By the time it was over, I had already lost track of the day. Stunned, saddened. I hadn’t made it to Virginia for my grandfather’s funeral; I had to make it this time.
I skipped my next class, alternating phone calls between my parents and my sister. My teachers would understand, they said, if I skipped some classes. I was in the middle of an eighteen-hour semester and fully intended on making the President’s list (which I eventually did), so that thought bothered me. But what else was there to do? My parents were going to be leaving by car before sunup the next morning, my sister with them. I went to work that night at Chili’s and told my managers. They told me it was fine, they’d get my shifts covered. I e-mailed my professors. I packed a bag.
I lay awake on the floor in the dining room of my parents’ house, in the dark, my world fading away like it did when I was a child about to leave for a vacation. I kept thinking about my grandmother, about their old house with the fireplace cut right through an inner wall so it was in two rooms, and with the little apartment-thing over the garage. About the stories I’d heard that she’d been slipping, talking about my grandfather as if he were still alive, as if he were having an affair.
Wednesday morning I piled into the car with my mother, my father, and my sister. I don’t know how long it had been since we’d been on a family road trip. This one was unplanned, and as it turned out, was the last one we ever took.
We spent most of Thanksgiving 2008 in the car, cutting across America to Virginia Beach. I picked up a newspaper to read as we drove. We called our relatives in Texas to tell them we wouldn’t be showing up for dinner. They offered condolences. As it turned out, we still had Thanksgiving dinner with family…family I hadn’t seen in years. My aunt and uncle and cousin. More family the next day that I hadn’t seen in forever. As tragic as the event was, it was one of the best Thanksgivings of my life.

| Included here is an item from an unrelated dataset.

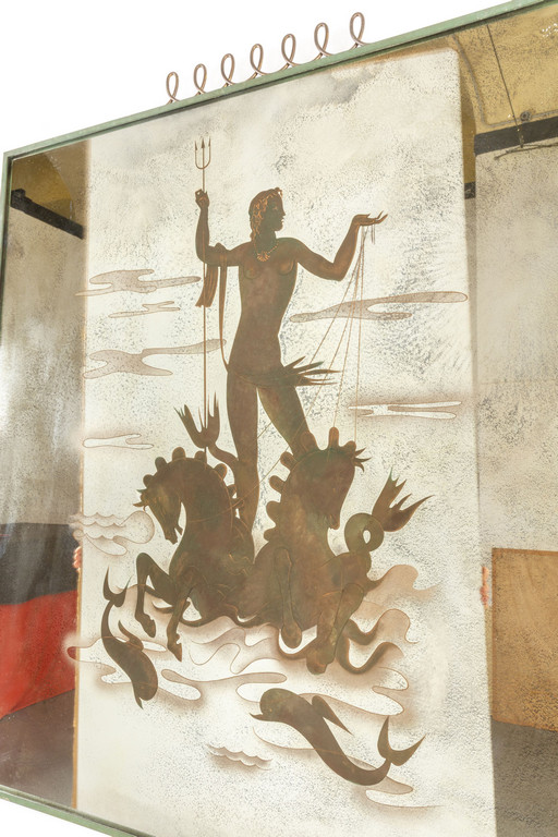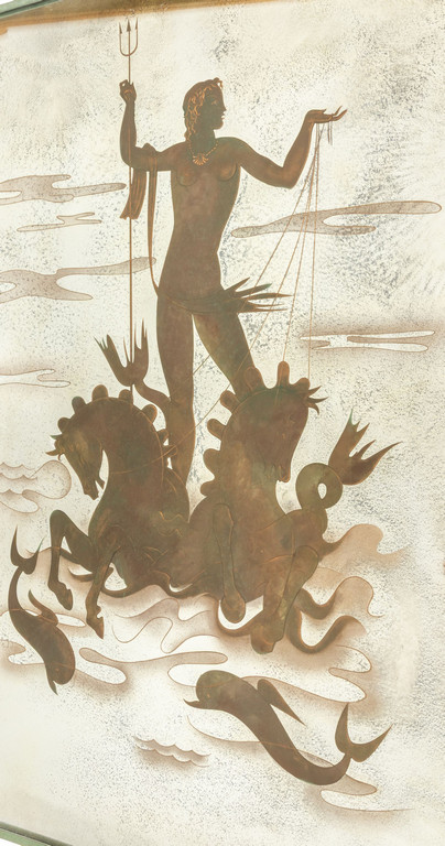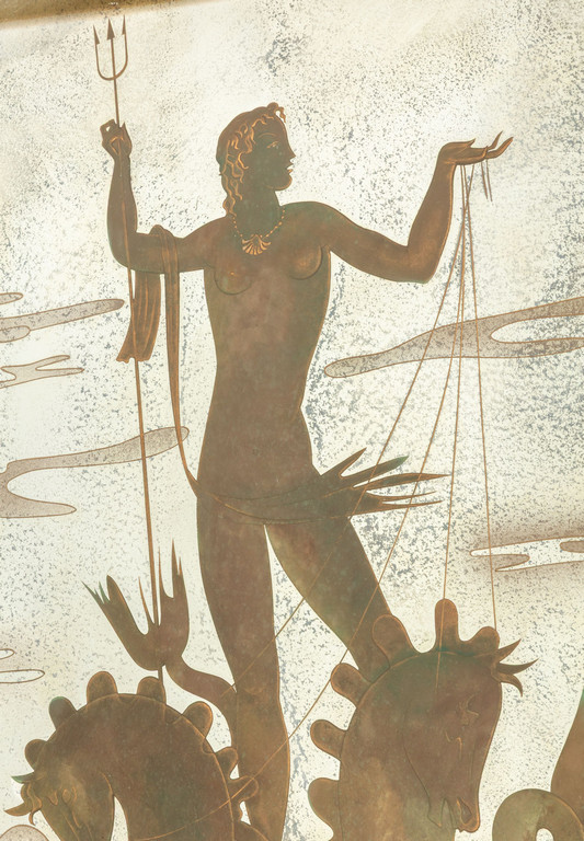 depicting Neptune with clouds and waves detailed with very thin bronze threads and gold dust

The weekend was divided equally between mirth and dirge. I remember mostly the good moments, sneaking away to Starbucks with cousins I never get to see. Thanksgiving dinner at my aunt and uncle’s house. “A Thanksgiving miracle,” we called it.
I saw my grandmother in the coffin. I don’t know what to say about that. I wish I could bring her back, as I wish for all of my grandparents. It’s unreal to see pictures of them, to remember them so strongly in my life, and to remind myself that I will never see them again. I will never smell the salty air of the Atlantic from my grandparents’ front door again. I will never run through their house at play, or hide from my sister in plain sight in their guest bedroom. I will never hear their voices or see their smiles. They have nothing more to teach me.
But I’m thankful they were in my life. I'm missing my grandmother a little bit today.